[Entries taken from a collection]
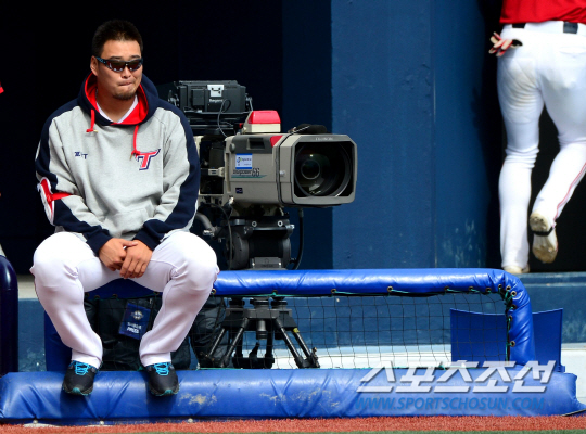 바람이 불어 조금 쌀쌀했지만 봄 햇살이 따사로왔다. 그 햇살 속에 KIA 선동열 감독이 서있다. 환한 햇살처럼 표정이 화창하다. 관중석에서 음식을 먹는 팬들에게 "맛있어요"라고 깜짝 인사를 던질 정도. 덕아웃 앞에서 취재진과 대화를 나누고 있던 그의 눈길을 따라가봤다. 1루측 불펜에서 멈췄다. 김진우가 있다. 불펜 피칭에 한창이다. "쟤들(윤석민 김진우)이 던지니까 그래도 조금 다행이네…." 선 감독의 말이다. 걱정이 많았다. 개막 전 약속을 한듯 어깨가 좋지 않았던 토종 에이스. 시즌 초 공백이 예상됐다. 하지만 예상보다 회복이 빠르다.
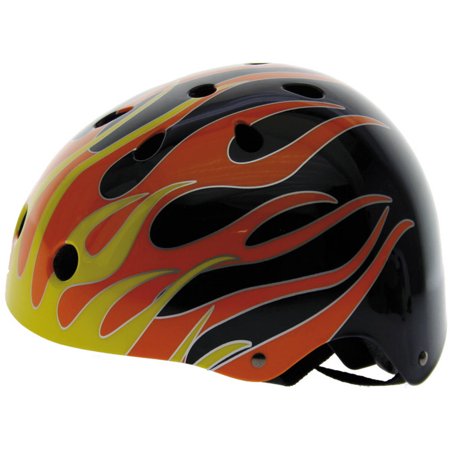 Freestyle Helmet with Flame Design, Medium: Freestyle helmet for outdoor sports: biking, skating and BMX riding3 different foam pads offer an adjustable fitSize: MediumYellow/black flame designSee our entire assortment of bikes and ride on toys at Walmart.com.
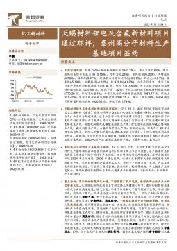 [高分子]2023-12-25-德邦证券-化工新材料行业周报:天赐材料锂电及含氟新材料项目通过环评,泰州高分子材料生产基地项目签约-11页(银创产业通www.chanyetong.net)(银创产业通www.chanyetong.net)
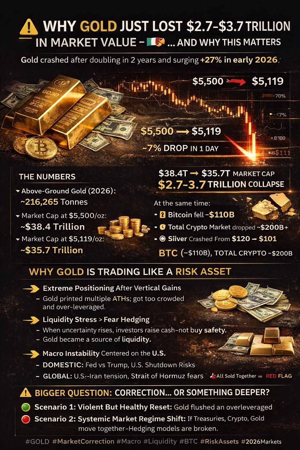 ๐ก Mengapa Emas Baru Saja Kehilangan $2.7โ$3.7 Triliun dalam Nilai Pasar โ Dan Mengapa Ini Penting
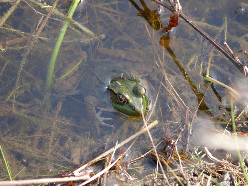 - La Grenouille verte (Rana clamitans), qui est une espèce d’amphibien de la famille des Ranidae
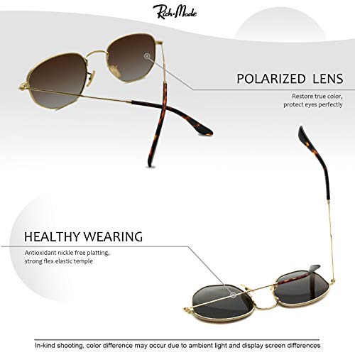 RICH MODE Hipster Small Polygon Donna Uomo Occhiali da sole Cornice in metallo delicato - Lente marrone sfumato color oro (naselli retrò)
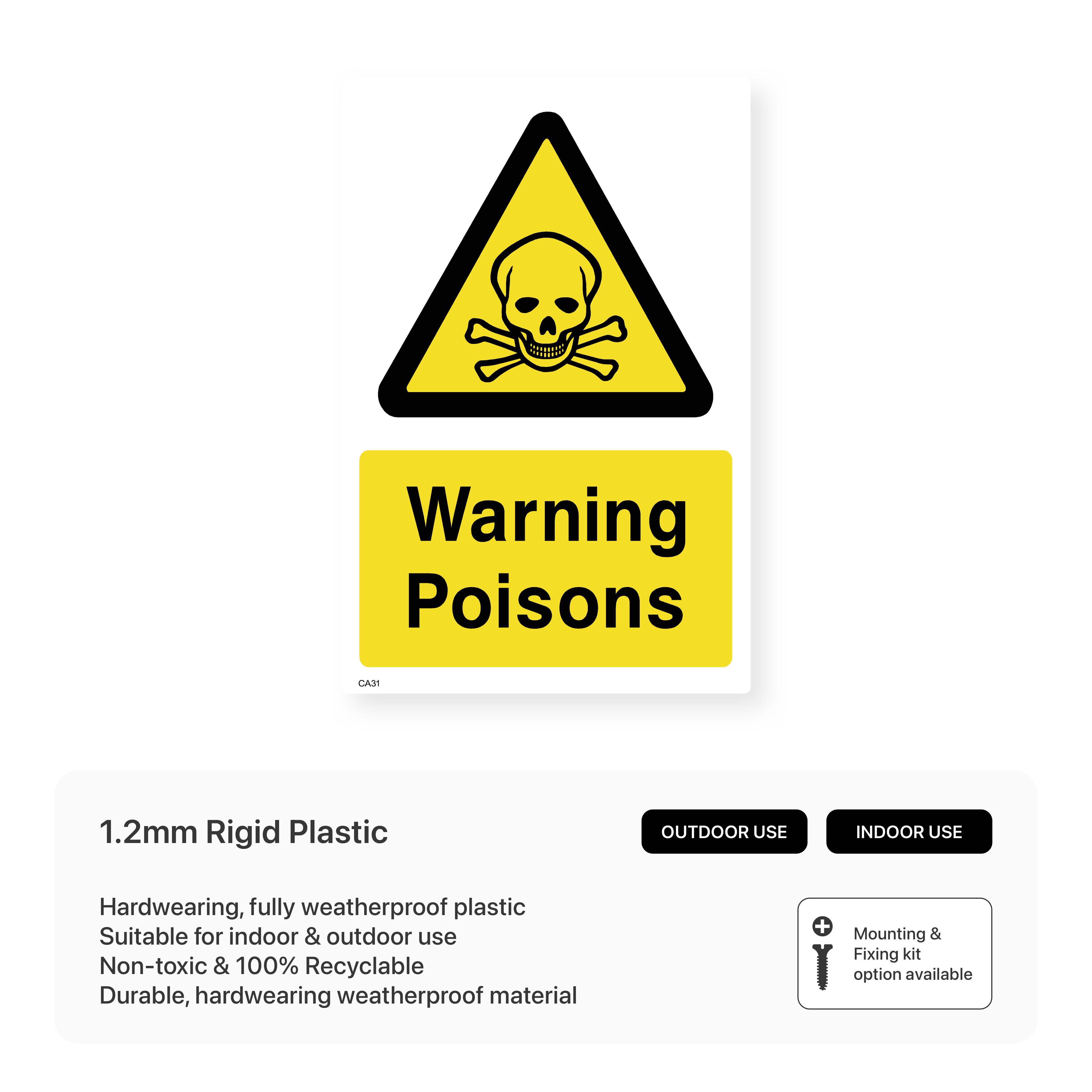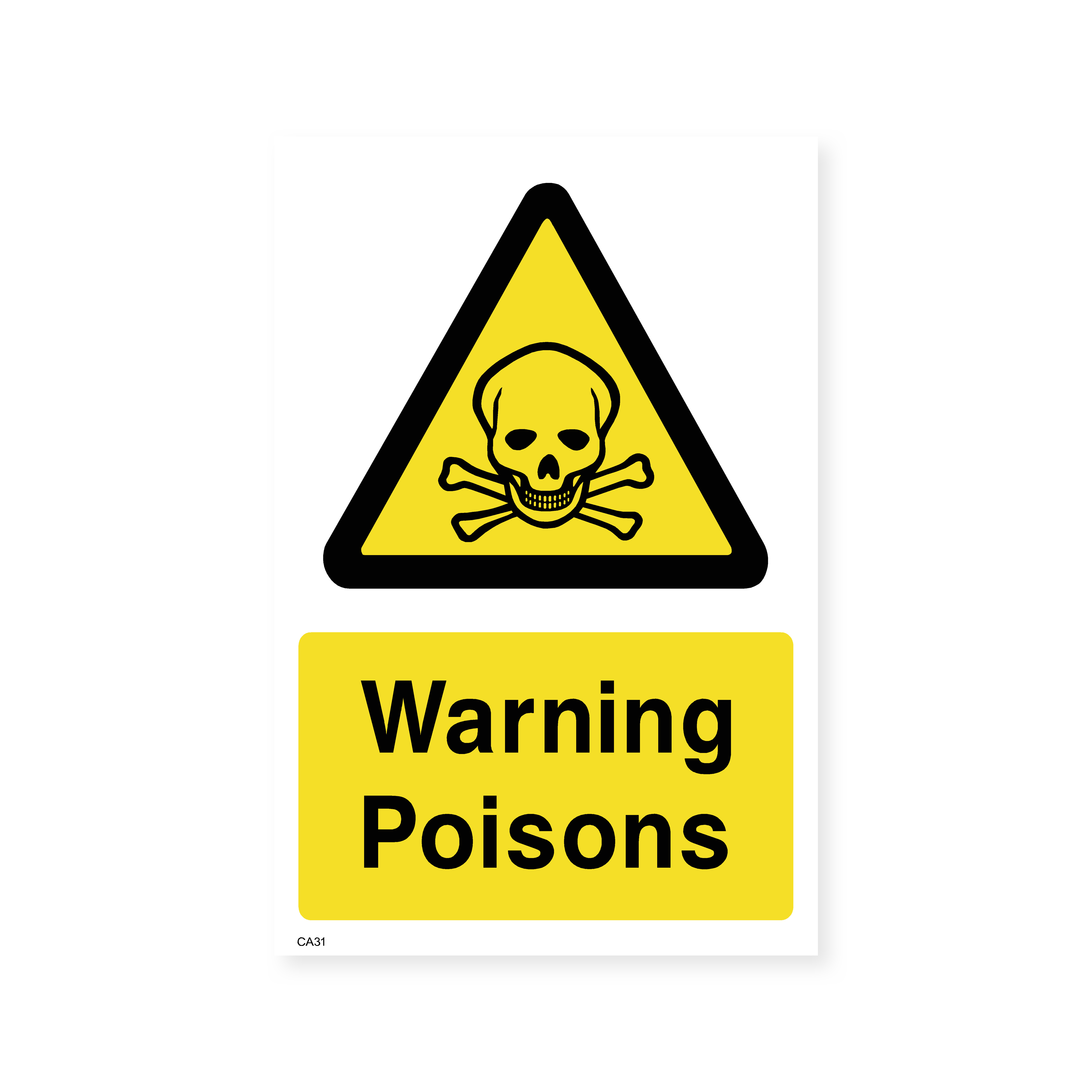 Clearly identify areas where poisons are stored or used. Available in various sizes and materials, these signs help prevent accidental exposure and ensure the safe handling and storage of poisonous substances.

__AIM OF THE EXERCISE__:
Omit the pictures and print again exactly the lines from the one with "Freestyle Helmet with" through the final line of the entries, both ends included.

__YOUR RESPONSE__:
 Freestyle Helmet with Flame Design, Medium: Freestyle helmet for outdoor sports: biking, skating and BMX riding3 different foam pads offer an adjustable fitSize: MediumYellow/black flame designSee our entire assortment of bikes and ride on toys at Walmart.com.
 [高分子]2023-12-25-德邦证券-化工新材料行业周报:天赐材料锂电及含氟新材料项目通过环评,泰州高分子材料生产基地项目签约-11页(银创产业通www.chanyetong.net)(银创产业通www.chanyetong.net)
 ๐ก Mengapa Emas Baru Saja Kehilangan $2.7โ$3.7 Triliun dalam Nilai Pasar โ Dan Mengapa Ini Penting
 - La Grenouille verte (Rana clamitans), qui est une espèce d’amphibien de la famille des Ranidae
 RICH MODE Hipster Small Polygon Donna Uomo Occhiali da sole Cornice in metallo delicato - Lente marrone sfumato color oro (naselli retrò)
 Clearly identify areas where poisons are stored or used. Available in various sizes and materials, these signs help prevent accidental exposure and ensure the safe handling and storage of poisonous substances.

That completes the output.